L’analyse des procédures de passation de marchés publics étudie et commente les critères d’adjudication, mais le cadre de son analyse ne s’étend pas en amont. Le domaine du détournement, à des fins politiques partisanes, de procédures de concours lui échappe et c’est regrettable. Preuve par l’exemple de trois cas dans la commune vaudoise de La Tour-de-Peilz.

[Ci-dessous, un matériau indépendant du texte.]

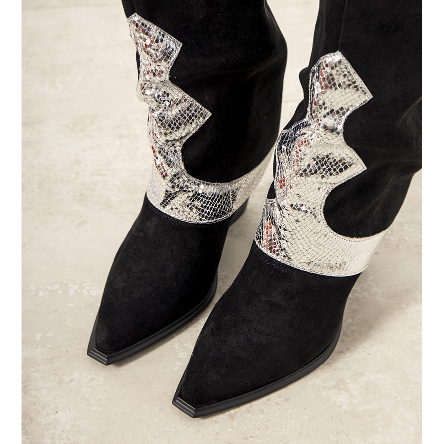 Les inserts argentés qui décorent subtilement les bottes sont un accent extrêmement stylé qui distingue ce modèle des autres. Les bottes Luciana sont caractérisées par une numérotation standard, vous pouvez donc facilement les ajuster à votre taille. Grâce à la fermeture à enfiler, l'enfilage est rapide et pratique, ce qui les rend parfaits pour un usage quotidien.
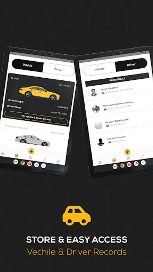 Vehicle & Driver Details: Instantly access crucial details about your vehicle and driver, and easily share them on WhatsApp. Bid farewell to the hassle of searching for your Mulkiya, license, or warranty documents.
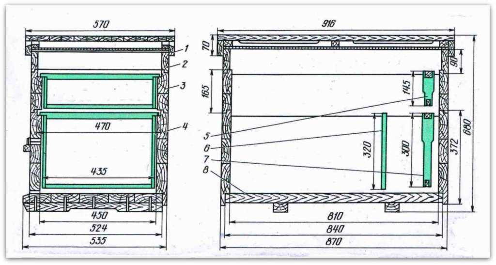 Деревянные стенки основного улья не должны быть тоньше 32 мм. При изготовлении магазина рекомендуют пользоваться менее тонкой древесиной (до 26 мм).

En tant que « pouvoir adjudicateur », la commune de La Tour-de-Peilz vient de lancer deux procédures de concours d’architecture et un appel d’offre pour des prestations d’architecte ; il n’y aurait en principe rien d’anormal à cela. Sauf si l’on considère que la Municipalité sortante – très contestée – a lancé ces procédures à la hâte, en toute fin de législature après quatre années de sommeil. Au lendemain du premier tour des élections municipales, les enjeux apparaissent dans toute leur clarté:

  • Premièrement, le concours lancé pour la restauration du château de La Tour-de-Peilz. Estimée à 8 millions, cette opération semble être totalement disproportionnée. Le programme du concours risque plus de dénaturer l’objet restauré très soigneusement dans les dernières décennies du 20e siècle et d’apporter des fausses réponses à des problèmes mal posés. Un entretien soutenu tant extérieur qu’intérieur – remplacement de quelques sols et tapis, amélioration des performances énergétiques par la pose de vitrages isolants dans les fenêtre existantes –, un programme allégé et un concept muséographique qui se développe intelligemment dans l’ensemble du bâtiment existant permettraient de réduire la facture de manière drastique.
  • Deuxièmement, le Collège Courbet à La Tour-de-Peilz. Fort bien construit en 1954 par l’architecte Eugène Mamin, il fait l’objet d’un concours de démolition-reconstruction, estimée à 30 millions. S’il nécessite des travaux d’entretien réels et une amélioration de ses performances énergétiques, des solutions autres que la simple destruction existent, moins coûteuses et surtout plus respectueuses de notre patrimoine architectural. Preuve en est le dossier du présent numéro de Tracés.
  • Enfin, l’appel d’offre pour le temple St-Théodule semble tout aussi disproportionné. La dernière intervention importante remonte à 1991 et tout ce qui est requis est une politique d’entretien bien comprise.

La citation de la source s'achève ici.